* Exercise description
Once you have found the line with "dejulho de 1936." in the records below, retype it and every line after it to the end exactly, with no pictures and nothing more.

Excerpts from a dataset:

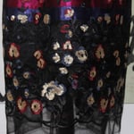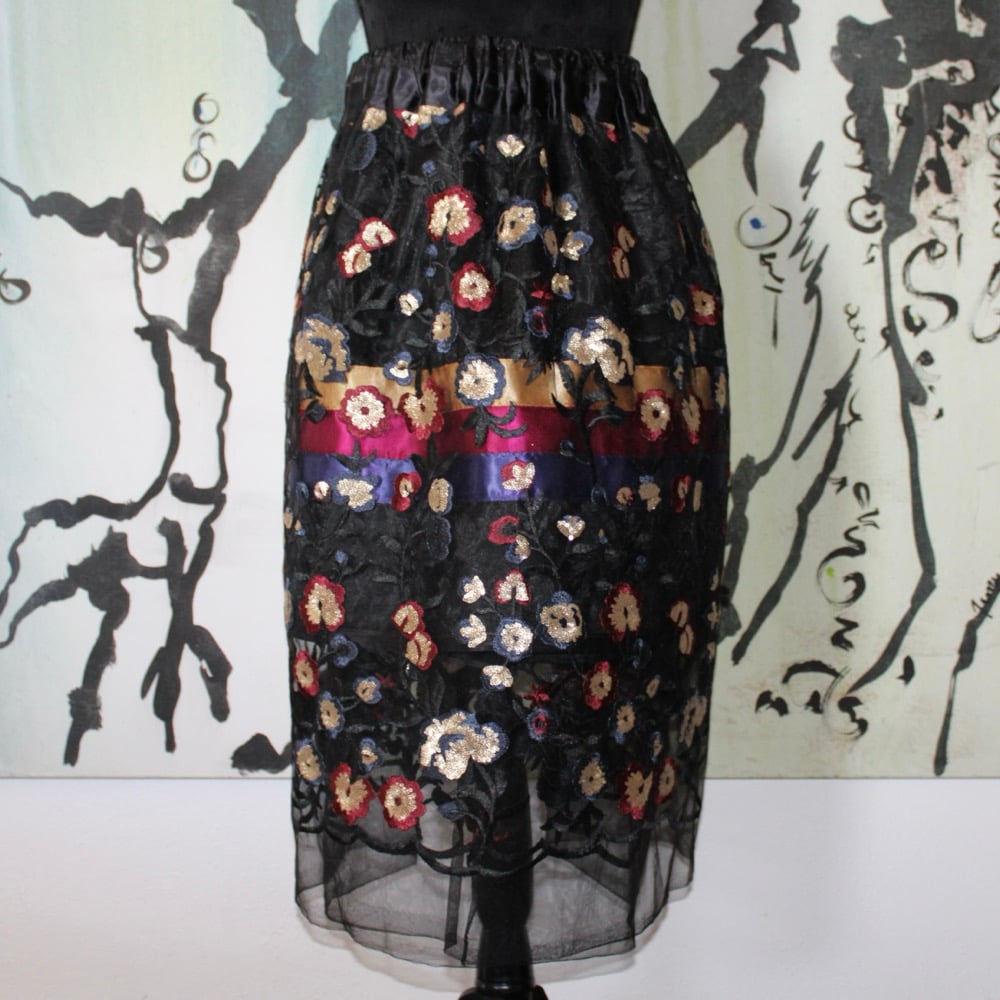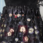 • Made from black floral satin fabric, sequined floral lace overlay, satin ribbons, satin bias trim, and an elastic waist band.
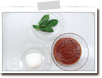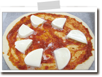 モッツアレラは10等分に切り、②と同じようにピザソースをぬり広げた生地にのせる。
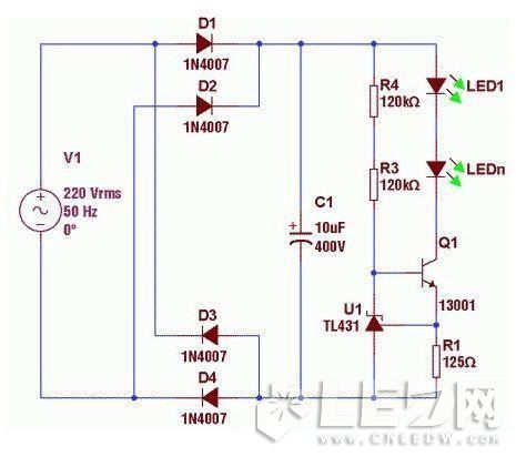 由于TL431是2.5V基準,故恒流取樣電路的損耗極大,不適合做輸出電流過大的電源。而此電路的致命缺陷是不能空載,故不適合做外置式的LED凈化燈電源,所以下面我們對線路的一些缺陷進行了改進。
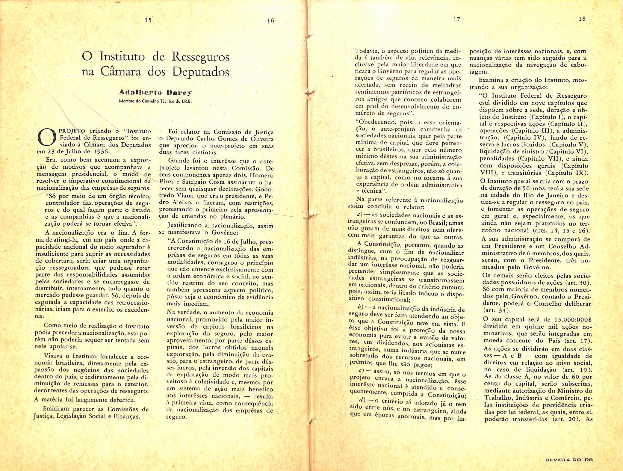 Federal de Resseguros" foi enviado a Camara dos Deputados em 23 dejulho de 1936.
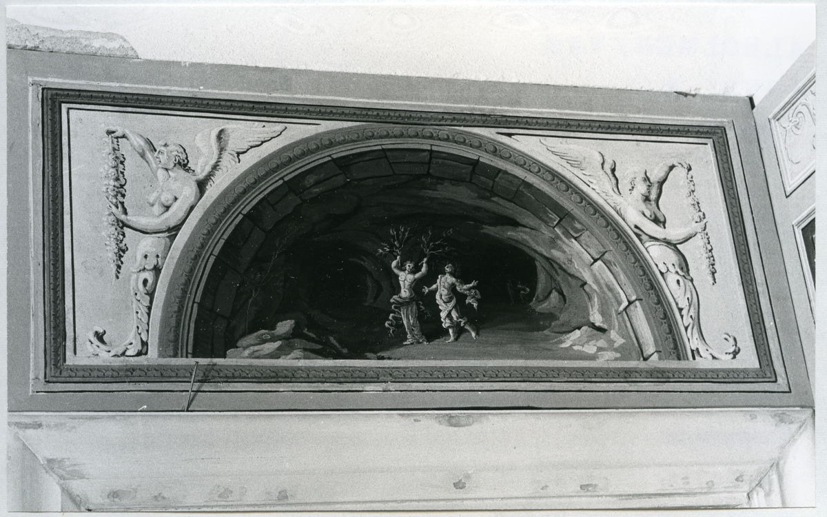 Interiör. Väggfält med bemålade, ditspikade vävtapeter, efter konservering. 1973.
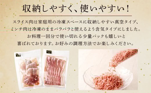 スライス肉は家庭用の冷凍スペースに収納しやすい真空タイプ、ミンチ肉は冷凍のままパラパラと使えるよう含気タイプにしました。

* Answer section
 Federal de Resseguros" foi enviado a Camara dos Deputados em 23 dejulho de 1936.
 Interiör. Väggfält med bemålade, ditspikade vävtapeter, efter konservering. 1973.
 スライス肉は家庭用の冷凍スペースに収納しやすい真空タイプ、ミンチ肉は冷凍のままパラパラと使えるよう含気タイプにしました。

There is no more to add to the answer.